Chapter 9: Deadly Violence

Connor Betts

"One man in Ohio who joined the chorus of antifa in calling Willem van Spronsen a 'martyr' was 24-year-old Connor Stephen Betts. He went on to carry out his own deadly shooting in a packed[,] commercial Dayton neighborhood on August 4, 2019. He killed nine people, including his sister, and injured twenty-seven others....

"Bett's shooting came within twenty-four hours of another mass shooting in El Paso, Texas, that shocked the nation. Patrick Crusius killed twenty-three people, mostly Latinos, at a Walmart. Another twenty-three suffered injuries. The 21-year-old allegedly left behind a 2,300-word manifesto on [the I]nternet forum [website] 8chan[,] espousing racist and white nationalist beliefs. The entire punditry class picked apart Crusius's manifesto word by word to blame the shooting not merely on him but on President Trump, white people, and every American who supported border security.

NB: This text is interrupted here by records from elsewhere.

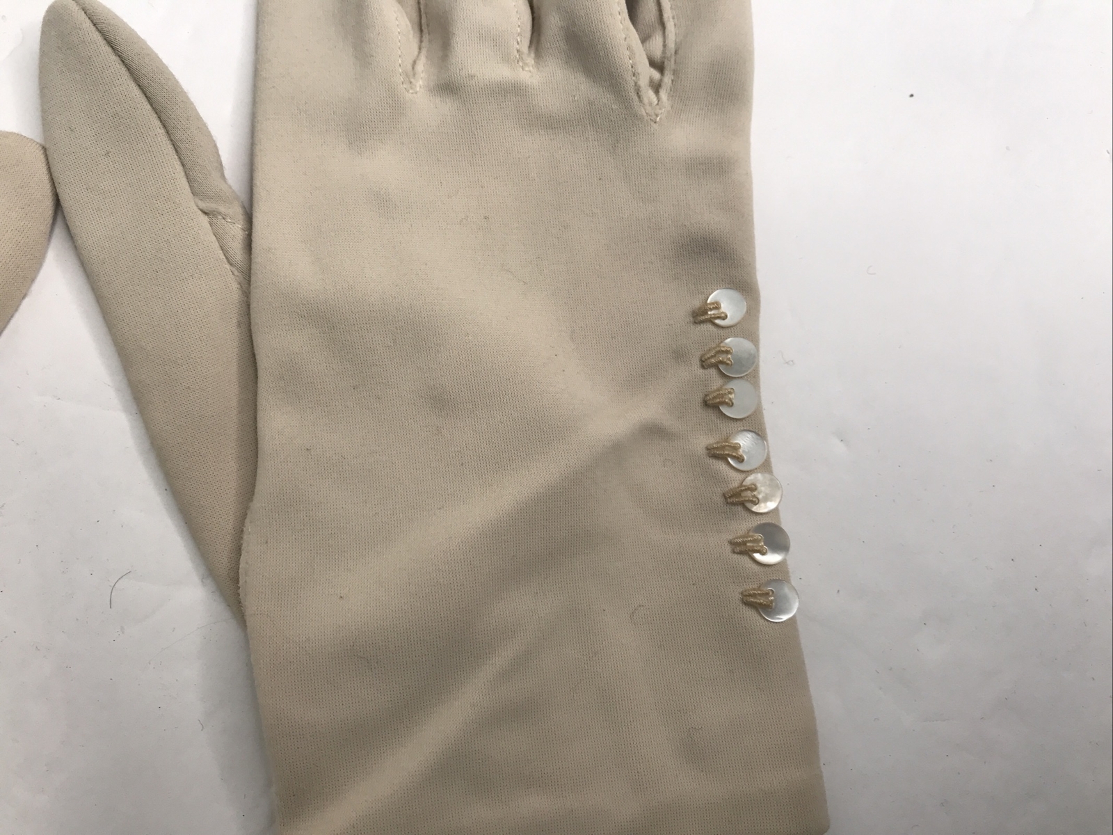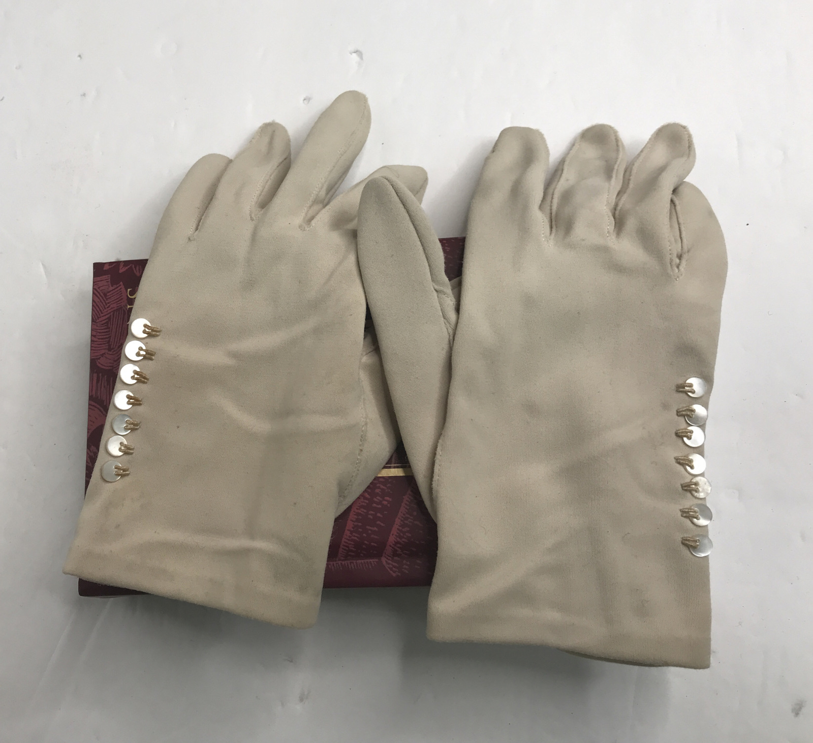 как выглядит VTG MISS ARIS Embellished Antique White Gloves Nylon Fits S/M Size фото
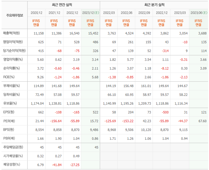 2022년 실적은 1조 6540억, 영업이익은 528억입니다. 그리고 영업이익률은 3.19%입니다.
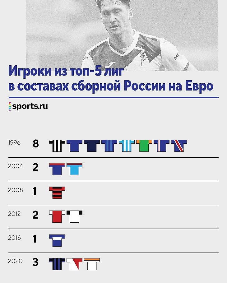 Сборная-96 не идет ни в какое сравнение с другими. И это мы еще не взяли Колыванова из «Фоджи» и Симутенкова из «Реджины», потому что они тогда играли в Серии В. Но вообще нынешний Евро – рекордный для сборной России в 21 веке по количеству игроков из топовых лиг.
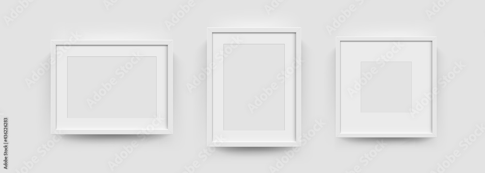 Photo picture frames on wall, vector white mockups or empty posters. Empty photo frames mockups for pictures or photograph, realistic 3D blank templates #436226283
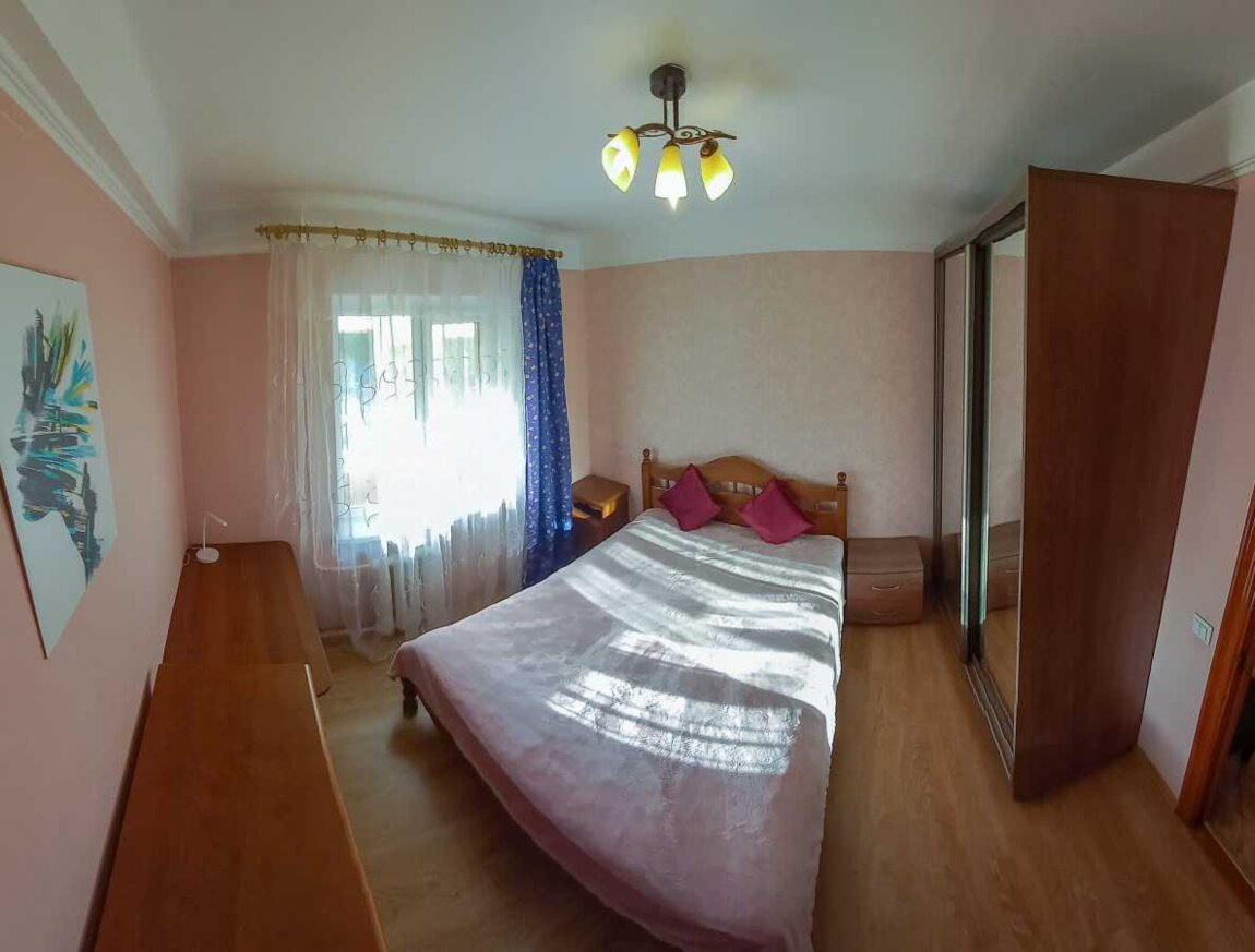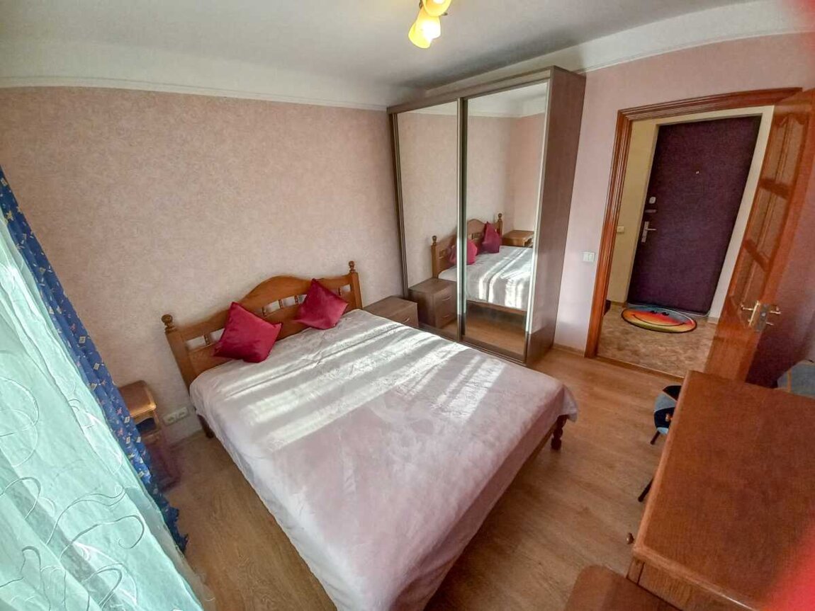 Двоспальне ліжко, диван, крісла, дві шафи купе, велика лоджія засклена та обшита.

"And before details were known about Betts's political beliefs, his mass shooting was also assumed to be related to white supremacy because he was white. For a few hours, we heard about both El Paso and Dayton and the crisis of white racism. But once it became known that Betts actually espoused militant antifa views, the Dayton shooting went down the memory hole....

"A year after the El Paso mass shooting, the hashtag #ElPasoStrong trended on social media. It was created to remember and honor the victims of the far-right shooting. Many media outlets published stories of how Latinos were affected. However, a day later, no #DaytonStrong campaign materialized. This wasn't any surprise to me. Some victims are valued more [highly] in the eyes of the American media than others." – pp. 177–81

Michael Reinoehl

"On August 29, 2020, three months into the daily violent protests in Portland, a 48-year-old volunteer security person for BLM-antifa killed a Trump supporter in [the] downtown [area].

"Michael Forest Reinoehl shot Aaron 'Jay' Danielson, 39, using a pistol at near...point-blank range after lying in wait for him around a street corner....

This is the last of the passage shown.